# Just when you think you have seen it all.



## SlickRick (Sep 3, 2009)




----------



## Tommy plumber (Feb 19, 2010)

Moved per Slick's request to 'Plumbing Pictures.'


----------



## Tommy plumber (Feb 19, 2010)

270 degree turn, one more 90 and they'd have a full circle....:laughing:


----------



## SlickRick (Sep 3, 2009)

It looks like that pipe fitting game that was posted along time ago. Take all the fittings off your truck and just start putting them together until the ends meet, turn on the water, if it doesn't run out on the ground you won!


----------



## PLUMB TIME (Feb 2, 2009)

Ooooh the piping, I thought it was about a dog that likes to dig:laughing:


----------



## Doctor (May 21, 2012)

Looks like raging waters


----------



## Dpeckplb (Sep 20, 2013)

I can tell your deff. not up here in the great north. I went with one of our sparkies yesterday to run tile and DV2 PVC for a new hydro service, the backhoe spent 1.5 hours digging and went 2" into the ground an one arm reach in the ground. It's the worst frost ever up here, there is houses being heaved on the foundations. Anyways some people should not be allowed to attempt plumbing.


----------



## SlickRick (Sep 3, 2009)

Dpeckplb said:


> I can tell your deff. not up here in the great north. I went with one of our sparkies yesterday to run tile and DV2 PVC for a new hydro service, the back spent 1.5 hours digging and went 2" into the ground an one arm reach in the ground.

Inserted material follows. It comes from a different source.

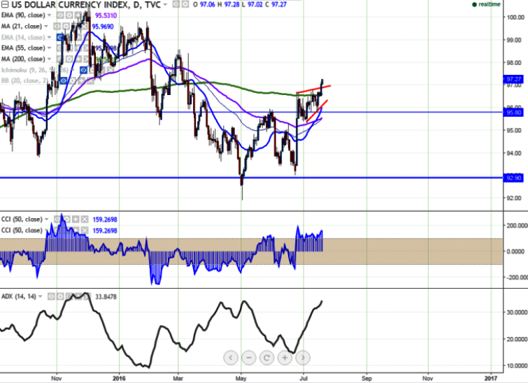 - U.S dollar index has broken major resistance 96.80 and jumped till 97.27 at the time of writing. It is currently trading around 97.27.

It's the worst frost ever up here, there is houses being heaved on the foundations. Anyways some people should not be allowed to attempt plumbing.

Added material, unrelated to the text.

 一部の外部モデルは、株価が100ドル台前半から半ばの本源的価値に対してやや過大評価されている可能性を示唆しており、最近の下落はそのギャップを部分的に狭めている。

Nope, in the great Texas. It will be 70F tomorrow, but when you are enjoying summer, we will be roasting...


----------



## Nathan901 (Feb 11, 2012)

That's a section of piping with extra fall to get it all flowing up to proper speed before entering the main. Like a big water slide. 



Right?


----------



## younger-plumber (Sep 12, 2008)

Wye do it this way? Pun intended .Seems like they took the hard route...Some people's kids...


----------



## HSI (Jun 3, 2011)

Maybe they had expansion loop on the mind when they piped it.


----------



## titaniumplumbr (Jun 11, 2014)

That's how they did mobile homes here in Florida. You should the violations I come across day to day


----------